━━━━━ Data for this task

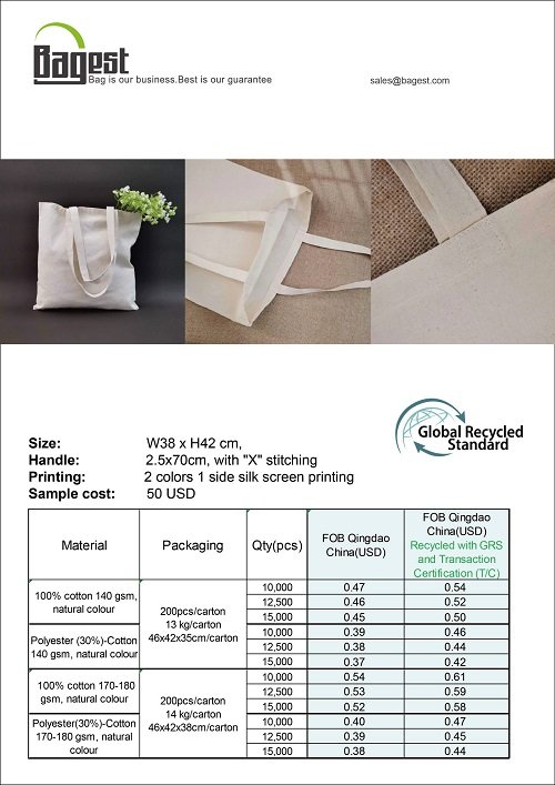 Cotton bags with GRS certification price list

━━━━━━━━━━
━━━━━ Data for this task

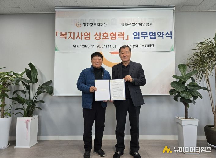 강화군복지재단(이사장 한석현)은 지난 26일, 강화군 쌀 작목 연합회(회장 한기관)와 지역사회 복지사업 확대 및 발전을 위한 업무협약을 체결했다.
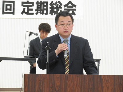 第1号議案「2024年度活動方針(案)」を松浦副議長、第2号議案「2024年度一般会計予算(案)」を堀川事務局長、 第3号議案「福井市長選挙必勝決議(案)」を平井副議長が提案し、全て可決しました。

━━━━━━━━━━
━━━━━ Data for this task

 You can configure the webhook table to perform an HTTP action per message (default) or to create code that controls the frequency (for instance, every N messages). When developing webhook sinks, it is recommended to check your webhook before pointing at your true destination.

━━━━━━━━━━

Output exactly those lines of the data above that run from the line with "강화군복지재단(이사장 한석현)은 지난" up to and including the line with "第1号議案「2024年度活動". No pictures go in.

• _Answer area_:
 강화군복지재단(이사장 한석현)은 지난 26일, 강화군 쌀 작목 연합회(회장 한기관)와 지역사회 복지사업 확대 및 발전을 위한 업무협약을 체결했다.
 第1号議案「2024年度活動方針(案)」を松浦副議長、第2号議案「2024年度一般会計予算(案)」を堀川事務局長、 第3号議案「福井市長選挙必勝決議(案)」を平井副議長が提案し、全て可決しました。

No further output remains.